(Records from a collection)
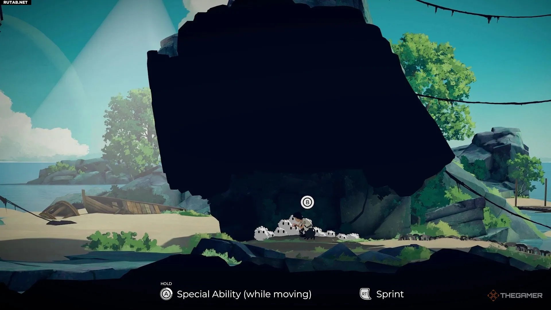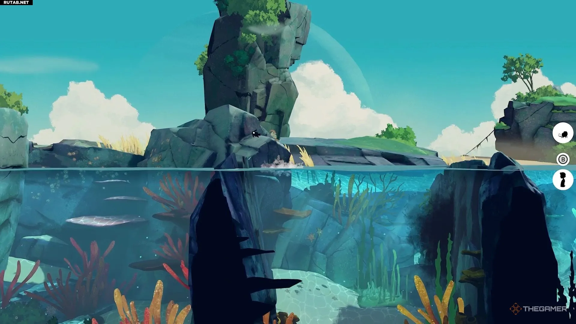 Поэтому подплывите по левой стороне и прикажите Муи забраться на камень посередине.
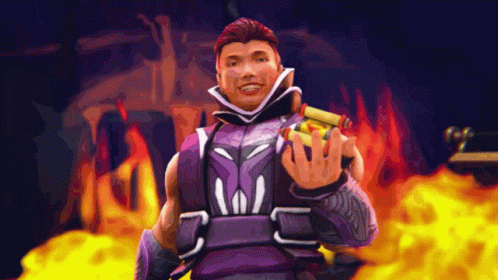 Serega Pirat, a man in purple armor, stands confidently holding a weapon against a backdrop of intense flames.
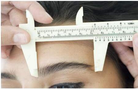 Passo 2 – Medir o espaço que existe entre os dois olhos. Se sua média do olho for maior que a medida entre os dois olhos, você tem olhos juntos. Se sua média do olho for menor ou igual a medida entre os dois olhos, você tem olhos separados. Para encontrar o início da sobrancelha, o paquímetro deve estar encostado na aba do nariz junto com o canto interno do olho, fazendo assim uma linha reta. Depois, para marcar o final da sobrancelha, deve-se apenas arrastar o paquímetro para o canto externo do olho. O ponto mais alto da sobrancelha é encontrado com o paquímetro localizado no fim da íris.
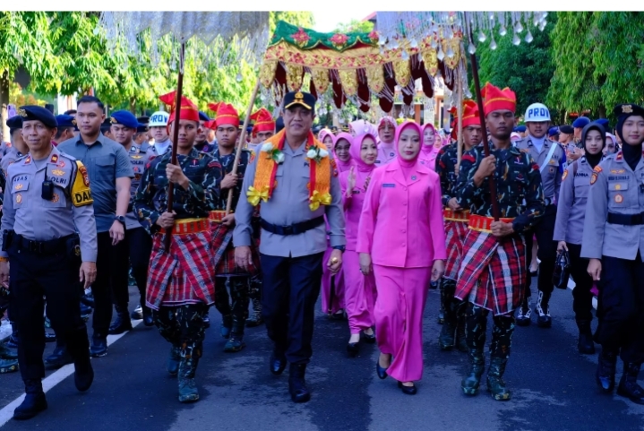 Irjen Pol. Djuhandhani Rahardjo Puro bersama Ny. Upi Djuhandhani menyapa satu per satu jajaran personel Polda Sulsel yang berbaris menyambut kedatangannya. Momen tersebut berlangsung hangat dan penuh kekeluargaan, mencerminkan semangat soliditas di lingkungan Polda Sulsel.
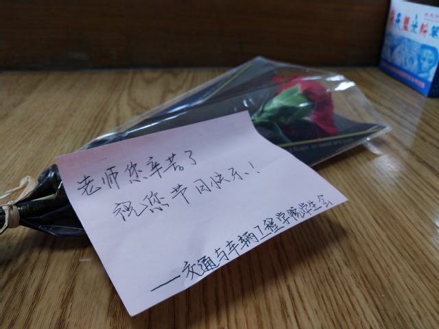 教师节的课堂上,公司员工早早把讲台打扫干净,准备为老师们送上一份特别的祝福,他们将精心准备的一张爱心卡片和一支鲜花摆在讲台,安静的等待老师走进教室。卡片虽小,却充满着员工对老师的尊敬与感激之情。员工在黑板上写下祝福语,主动起立齐声祝老师节日快乐,以此表达对老师的崇敬之心。
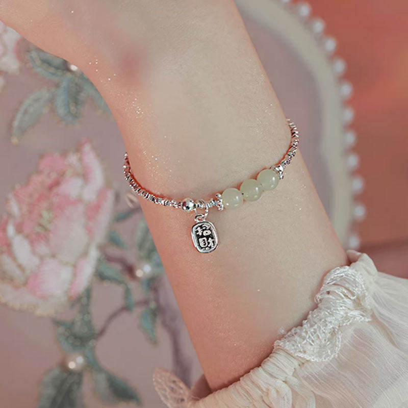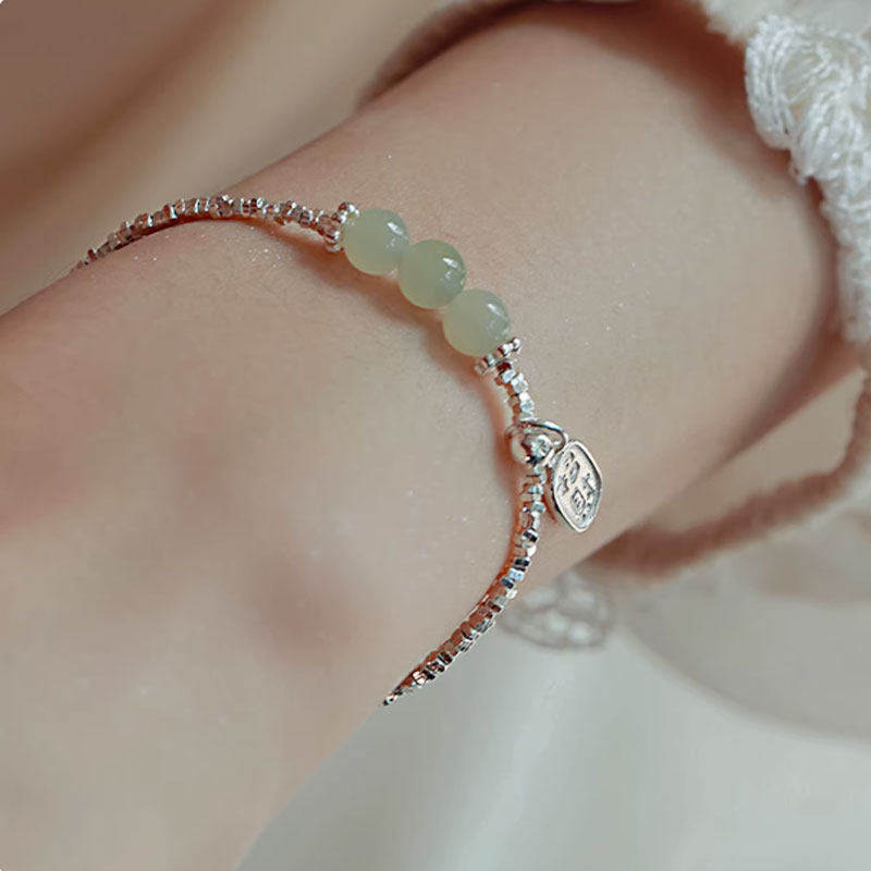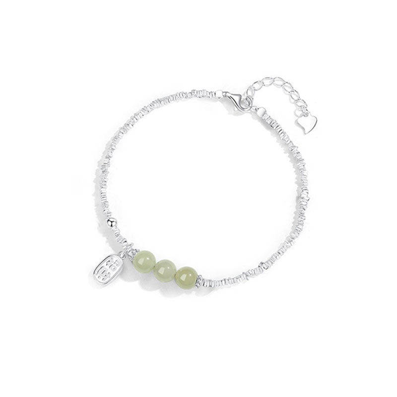 【幂琳】纯银碎银子和田玉手链女2024年新款女生款轻奢小众生日礼
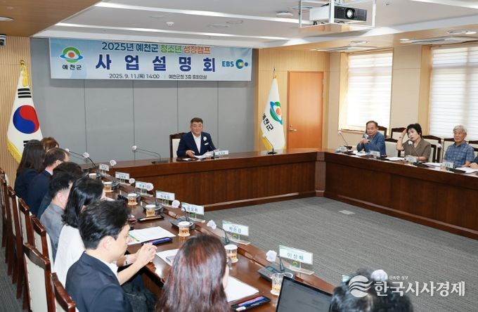 한국시사경제 한장선 객원기자 | 예천군은 9월 11일 예천군청 중회의실에서 한국교육방송공사(EBS)와 공동으로 ‘2025년 청소년 성장캠프 사업설명회’를 열었다.
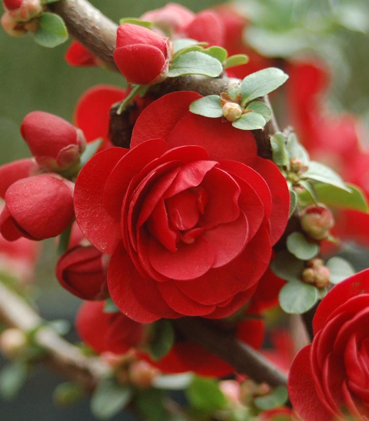Description: Big dark red double flowers Bright spring color Good cut flower Thornless Deer-resistant Heat tolerant Drought tolerant Great cut flower
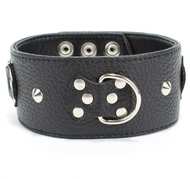 Ошейник выполнен из натуральной кожи черного цвета, декорирован заклепками и вставками в виде бабочек. Ошейник фиксируется металлическими кнопками, позволяющими подобрать нужный размер, подойдет на обхват от 32 до 37 см. Стильный аксессуар украсит любую вашу фантазию. Ширина - 5 см.

- **Problem description**:
Retype all entries exactly; omit pictures.

- **Task output**:
 Поэтому подплывите по левой стороне и прикажите Муи забраться на камень посередине.
 Serega Pirat, a man in purple armor, stands confidently holding a weapon against a backdrop of intense flames.
 Passo 2 – Medir o espaço que existe entre os dois olhos. Se sua média do olho for maior que a medida entre os dois olhos, você tem olhos juntos. Se sua média do olho for menor ou igual a medida entre os dois olhos, você tem olhos separados. Para encontrar o início da sobrancelha, o paquímetro deve estar encostado na aba do nariz junto com o canto interno do olho, fazendo assim uma linha reta. Depois, para marcar o final da sobrancelha, deve-se apenas arrastar o paquímetro para o canto externo do olho. O ponto mais alto da sobrancelha é encontrado com o paquímetro localizado no fim da íris.
 Irjen Pol. Djuhandhani Rahardjo Puro bersama Ny. Upi Djuhandhani menyapa satu per satu jajaran personel Polda Sulsel yang berbaris menyambut kedatangannya. Momen tersebut berlangsung hangat dan penuh kekeluargaan, mencerminkan semangat soliditas di lingkungan Polda Sulsel.
 教师节的课堂上,公司员工早早把讲台打扫干净,准备为老师们送上一份特别的祝福,他们将精心准备的一张爱心卡片和一支鲜花摆在讲台,安静的等待老师走进教室。卡片虽小,却充满着员工对老师的尊敬与感激之情。员工在黑板上写下祝福语,主动起立齐声祝老师节日快乐,以此表达对老师的崇敬之心。
 【幂琳】纯银碎银子和田玉手链女2024年新款女生款轻奢小众生日礼
 한국시사경제 한장선 객원기자 | 예천군은 9월 11일 예천군청 중회의실에서 한국교육방송공사(EBS)와 공동으로 ‘2025년 청소년 성장캠프 사업설명회’를 열었다.
Description: Big dark red double flowers Bright spring color Good cut flower Thornless Deer-resistant Heat tolerant Drought tolerant Great cut flower
 Ошейник выполнен из натуральной кожи черного цвета, декорирован заклепками и вставками в виде бабочек. Ошейник фиксируется металлическими кнопками, позволяющими подобрать нужный размер, подойдет на обхват от 32 до 37 см. Стильный аксессуар украсит любую вашу фантазию. Ширина - 5 см.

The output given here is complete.